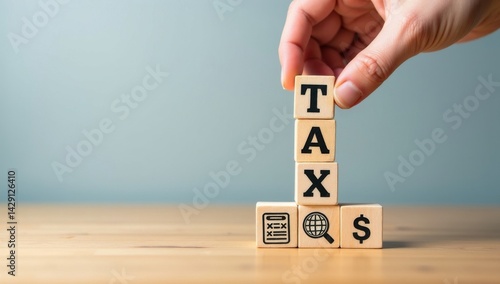 Hand putting tax icon in the wooden cube for income tax return and submit tax for payment tax documents online to the government
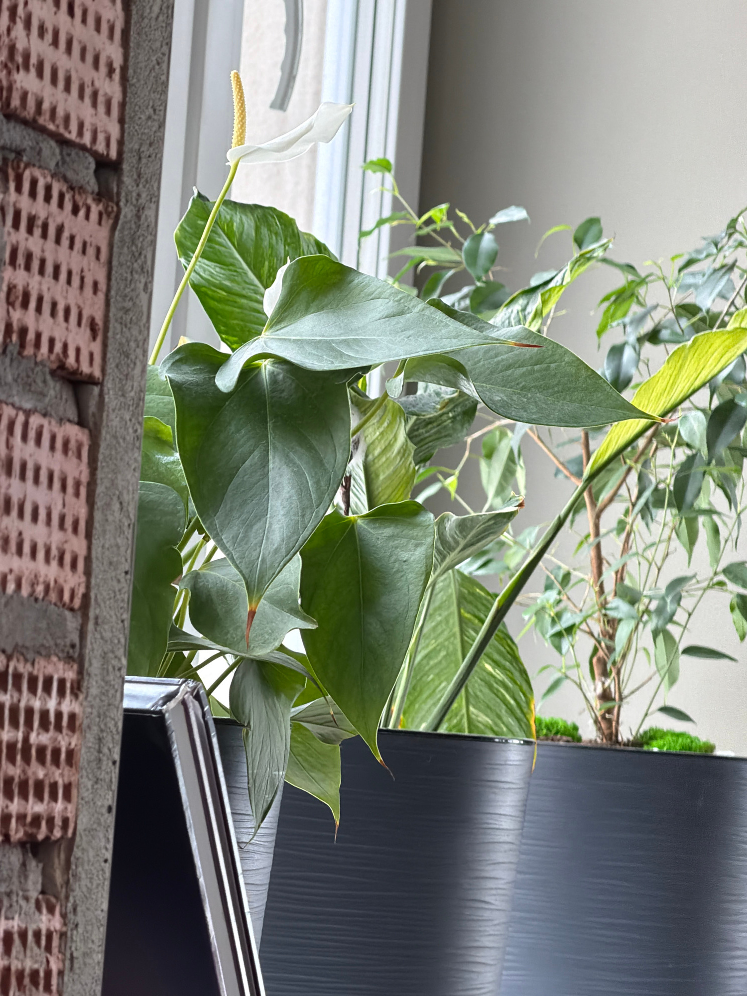 The image shows a close-up view of an indoor space in Pervomaysky, Russia, focusing on a brick ledge or shelf supporting several plants. The foreground consists of a section of a brick wall, partially…read more
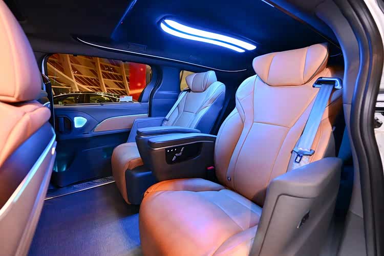升级定制豪华航空座椅,标配原车安全气囊,支持电动调节躺平模式,兼具通风、加热、智能按摩功能;配备劳斯莱斯同款星空顶采用进口麂皮绒材质,搭配高级冲孔工艺,车内顶部空间提升 4-6cm,内部空间更开阔;具备流星、繁星等多种星空模式,支持声音联动控制。搭配 64 色氛围灯,支持车机、手机等多端控制,多种场景一键切换。可选配吸顶娱乐系统与智能座舱系统,兼顾商途高效与家旅舒心。
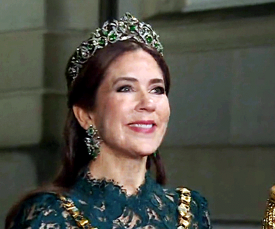 珠宝 分享今年丹麦新年招待会的珠宝特写gif,丹麦家输在国有套装里的祖母绿王冠体量不足,尖顶王冠款不愧是经得住时代考验的blingbling。
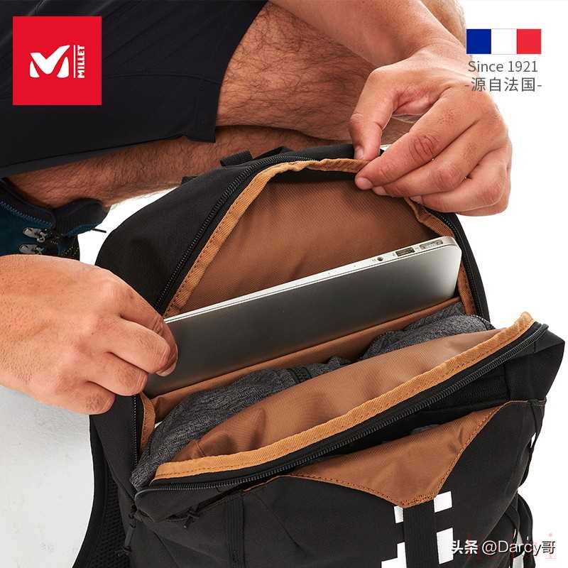 該款電腦背包容量為18L,采用北極狐引以為傲自主研發(fā)的科技面料G-1000。G-1000面料采用65%的聚酯纖維和35%的有機棉紗密制混紡而成,強韌耐磨;同時可以借助GREENLAND WAX(格陵蘭蠟)調(diào)整防水和透氣性能,讓背包歷久彌新。KANKEN NO.2 LAPTOP可以輕松裝下15寸以下的筆記本電腦,包內(nèi)有單獨的電腦倉,并且設(shè)置了雙面加厚軟墊,可以有效減震,更好的保護電腦。6、MILLET覓樂城市通勤休閑旅行包電腦雙肩背包可拆卸腰胸帶MIS2237
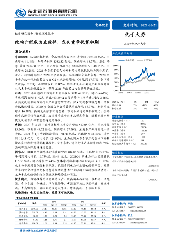 【东北证券】【20210521】食品饮料行业深度报告:结构升级成为主旋律,龙头竞争优势加剧-45页
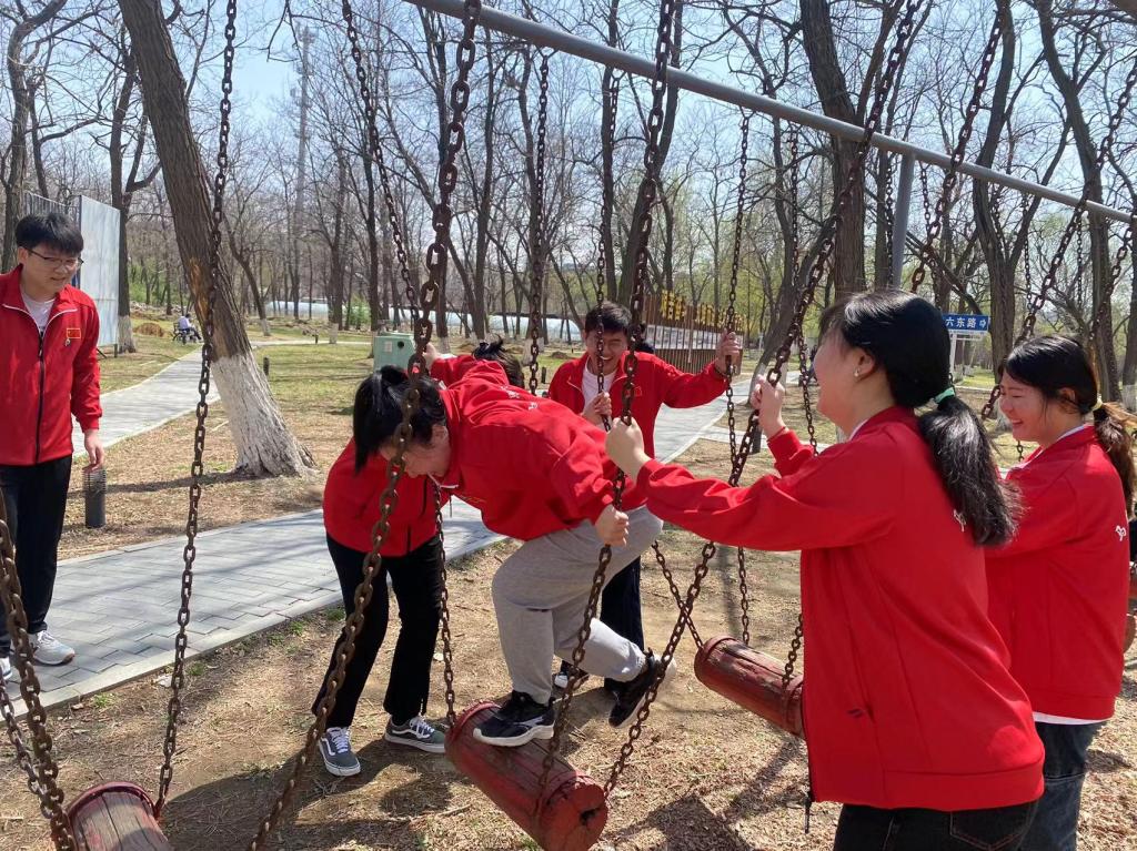 本次心理素质拓展活动包括四个趣味且具挑战性的环节:两人三足、信任背摔、单杠爬行和平衡木。在学院党总支副书记、研究生辅导员谭林老师和班主任郭苗苗老师的组织与指导下,同学们积极参加每项活动,克服困难、团结协作,不仅锻炼了身体,更锻炼了心理素质。
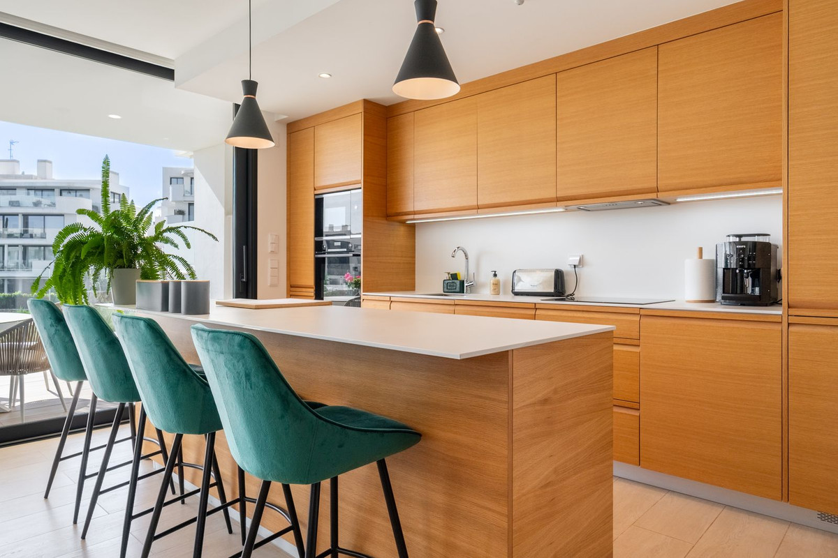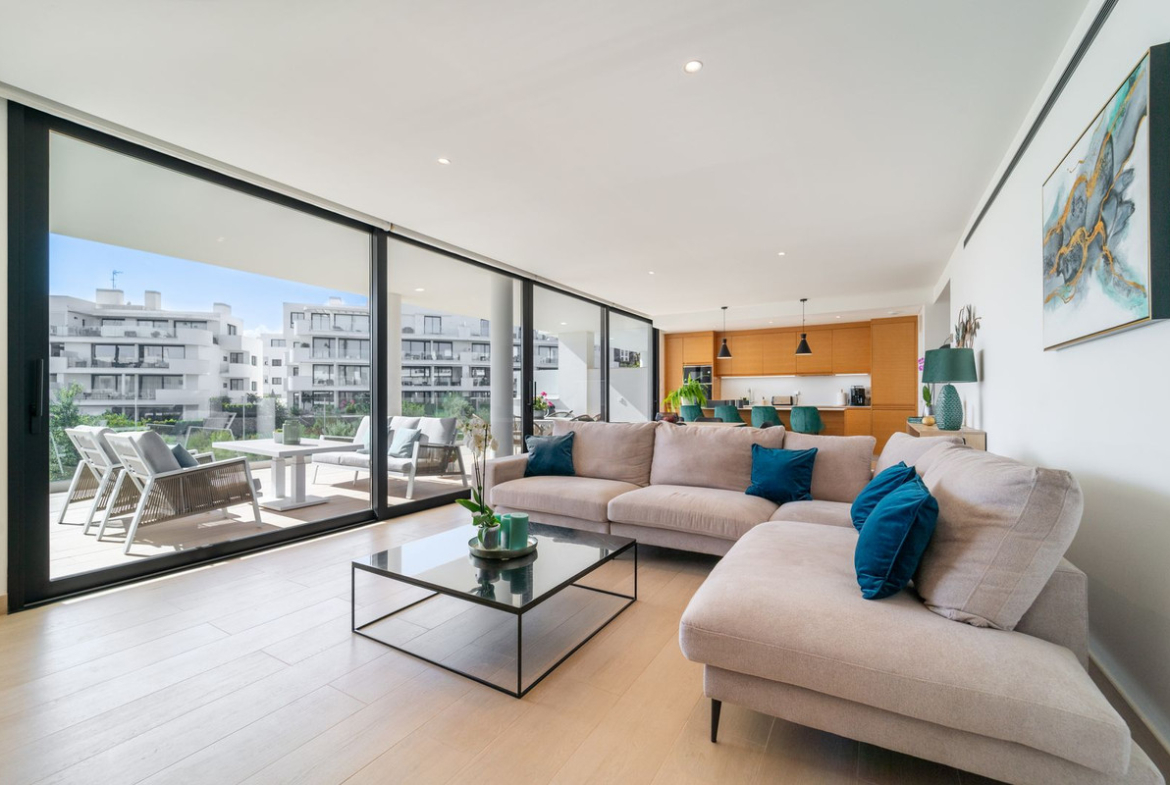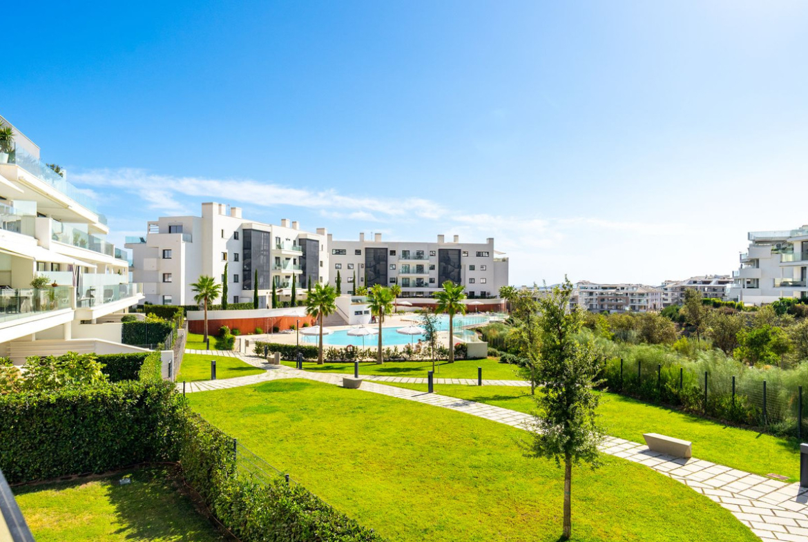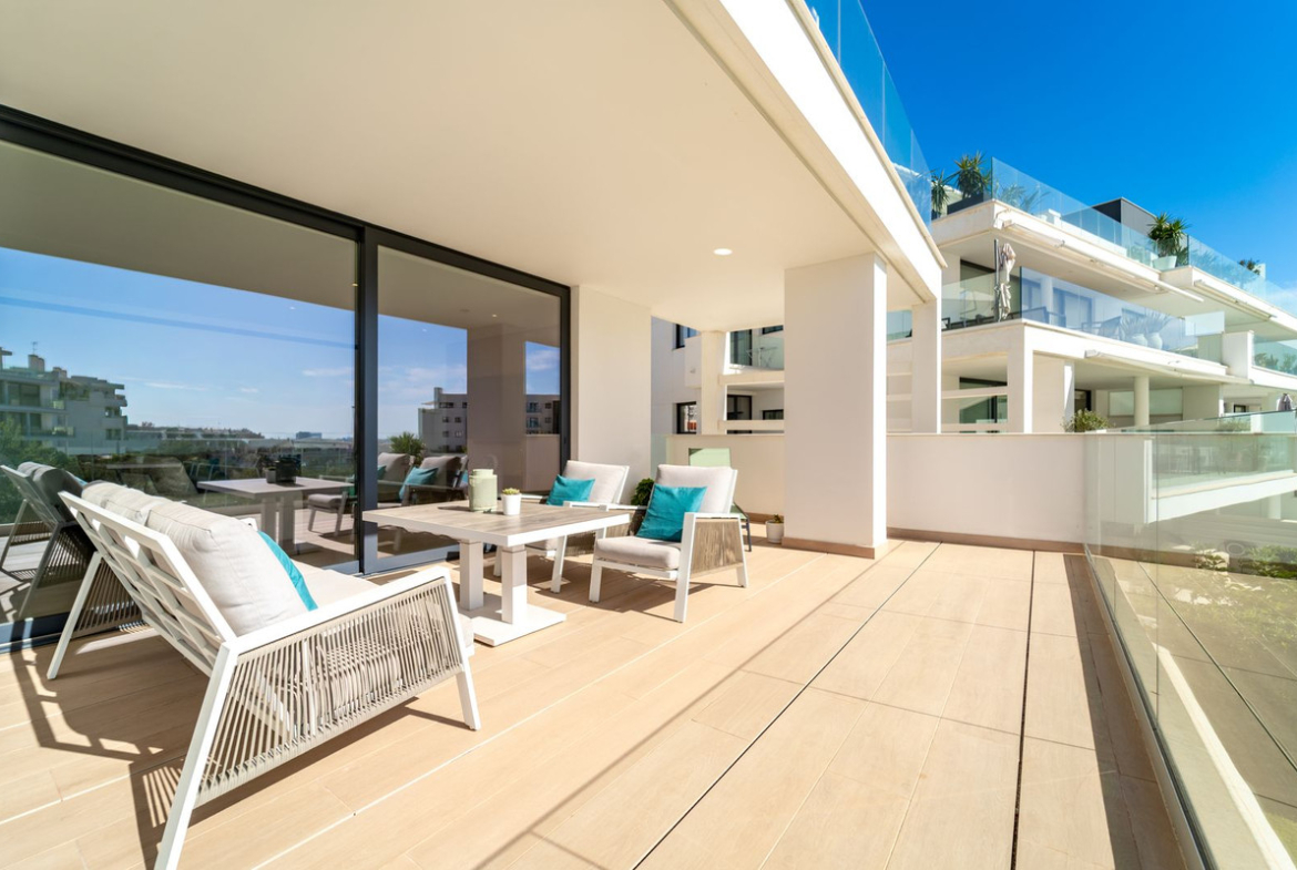 Elegant south-west facing apartment, in the exclusive urbanization of Higuerón West, with 3 bedrooms, 2 bathrooms and one guest toilet, spacious living-dining room, open plan kitchen fully furnished and equipped with electrical appliances from BOSCH, laundry area with washing machine/dryer, large terrace of 54m2 with pool and garden views.
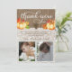 uns cartões de agradecimentos para um baptismo, um batismo, uma dedicação etc. com espaço para duas fotos. Excelente para gêmeos ou irmãos (ou apenas 2 fotos de seu bebê!). As características de design uma serapilheira e um laço olham o fundo com abóboras e caem as folhas.
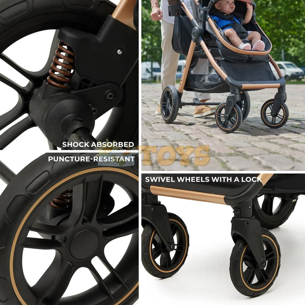 The ESME 3-in-1 SAND BEIGE is particularly easy to maneuver, so it will work well even in crowded areas. Its construction combined with swivel wheels makes it easier to drive. The front wheels can be locked for straight-ahead travel on more difficult terrain. In addition, the stroller is very easy to fold to a compact size, and that's together with the seat! A trip to the mountains? Or maybe to the seaside? The ESME 3-in-1 SAND BEIGE can handle any challenge!
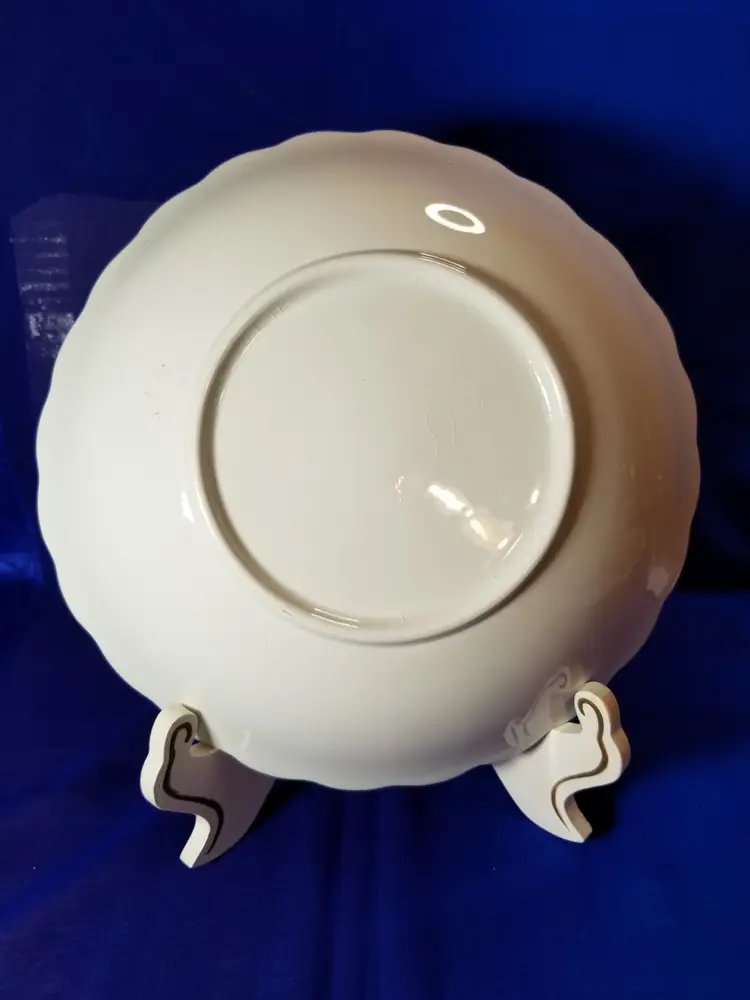 Vintage Floral Vegetable Bowl signed Renier is 10 1/2" wide. It features a beautiful rose applique with hand-painted detail over a yellow, blue and green bowl with a scalloped rim gilt in gold. It shows a slight bit of edge wear and a few utensil marks/scrapes in the flowers. It is signed Renier, but not marked on the back. No chips, cracks or repairs. Please view pictures and feel free to ask questions. Thank you for visiting my shop.
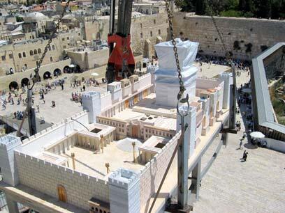 The Aish HaTorah Yeshiva, which is based in the Jewish Quarter of the Old City of Jerusalem, presented Wednesday a model of the Second Temple and placed it on the yeshiva's rooftop, overlooking the Temple Mount and the Western Wall.
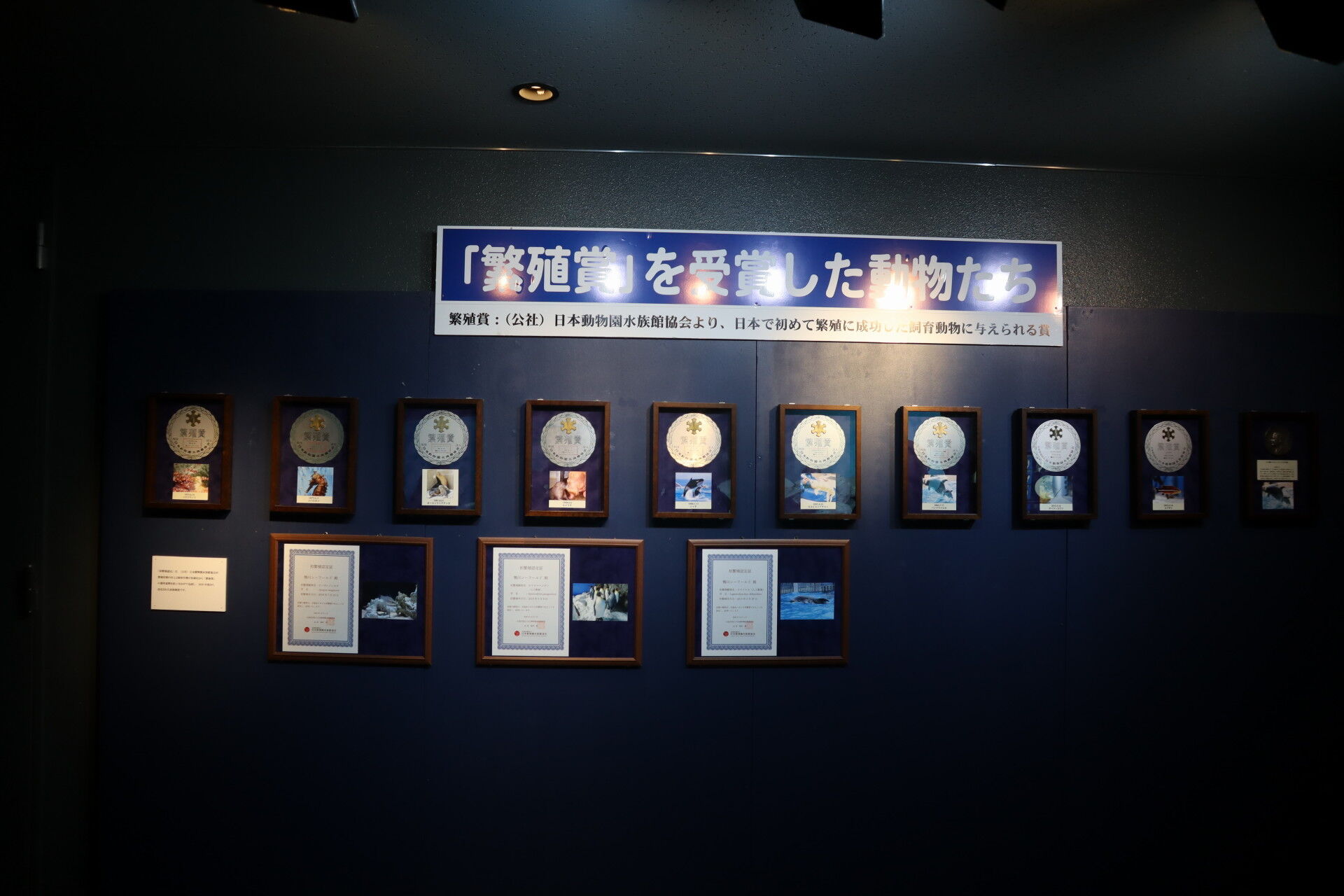 日本動物園水族館協会の繁殖賞のトロフィーが並んでいます。
▬▬▬▬▬▬▬▬▬▬
ABOUT THIS TASK
Images in the records should not be copied. Repeat all the rest exactly.

TASK SOLUTION
 Hand putting tax icon in the wooden cube for income tax return and submit tax for payment tax documents online to the government
 The image shows a close-up view of an indoor space in Pervomaysky, Russia, focusing on a brick ledge or shelf supporting several plants. The foreground consists of a section of a brick wall, partially…read more
升级定制豪华航空座椅,标配原车安全气囊,支持电动调节躺平模式,兼具通风、加热、智能按摩功能;配备劳斯莱斯同款星空顶采用进口麂皮绒材质,搭配高级冲孔工艺,车内顶部空间提升 4-6cm,内部空间更开阔;具备流星、繁星等多种星空模式,支持声音联动控制。搭配 64 色氛围灯,支持车机、手机等多端控制,多种场景一键切换。可选配吸顶娱乐系统与智能座舱系统,兼顾商途高效与家旅舒心。
 珠宝 分享今年丹麦新年招待会的珠宝特写gif,丹麦家输在国有套装里的祖母绿王冠体量不足,尖顶王冠款不愧是经得住时代考验的blingbling。
 該款電腦背包容量為18L,采用北極狐引以為傲自主研發(fā)的科技面料G-1000。G-1000面料采用65%的聚酯纖維和35%的有機棉紗密制混紡而成,強韌耐磨;同時可以借助GREENLAND WAX(格陵蘭蠟)調(diào)整防水和透氣性能,讓背包歷久彌新。KANKEN NO.2 LAPTOP可以輕松裝下15寸以下的筆記本電腦,包內(nèi)有單獨的電腦倉,并且設(shè)置了雙面加厚軟墊,可以有效減震,更好的保護電腦。6、MILLET覓樂城市通勤休閑旅行包電腦雙肩背包可拆卸腰胸帶MIS2237
 【东北证券】【20210521】食品饮料行业深度报告:结构升级成为主旋律,龙头竞争优势加剧-45页
 本次心理素质拓展活动包括四个趣味且具挑战性的环节:两人三足、信任背摔、单杠爬行和平衡木。在学院党总支副书记、研究生辅导员谭林老师和班主任郭苗苗老师的组织与指导下,同学们积极参加每项活动,克服困难、团结协作,不仅锻炼了身体,更锻炼了心理素质。
 Elegant south-west facing apartment, in the exclusive urbanization of Higuerón West, with 3 bedrooms, 2 bathrooms and one guest toilet, spacious living-dining room, open plan kitchen fully furnished and equipped with electrical appliances from BOSCH, laundry area with washing machine/dryer, large terrace of 54m2 with pool and garden views.
 uns cartões de agradecimentos para um baptismo, um batismo, uma dedicação etc. com espaço para duas fotos. Excelente para gêmeos ou irmãos (ou apenas 2 fotos de seu bebê!). As características de design uma serapilheira e um laço olham o fundo com abóboras e caem as folhas.
 The ESME 3-in-1 SAND BEIGE is particularly easy to maneuver, so it will work well even in crowded areas. Its construction combined with swivel wheels makes it easier to drive. The front wheels can be locked for straight-ahead travel on more difficult terrain. In addition, the stroller is very easy to fold to a compact size, and that's together with the seat! A trip to the mountains? Or maybe to the seaside? The ESME 3-in-1 SAND BEIGE can handle any challenge!
 Vintage Floral Vegetable Bowl signed Renier is 10 1/2" wide. It features a beautiful rose applique with hand-painted detail over a yellow, blue and green bowl with a scalloped rim gilt in gold. It shows a slight bit of edge wear and a few utensil marks/scrapes in the flowers. It is signed Renier, but not marked on the back. No chips, cracks or repairs. Please view pictures and feel free to ask questions. Thank you for visiting my shop.
 The Aish HaTorah Yeshiva, which is based in the Jewish Quarter of the Old City of Jerusalem, presented Wednesday a model of the Second Temple and placed it on the yeshiva's rooftop, overlooking the Temple Mount and the Western Wall.
 日本動物園水族館協会の繁殖賞のトロフィーが並んでいます。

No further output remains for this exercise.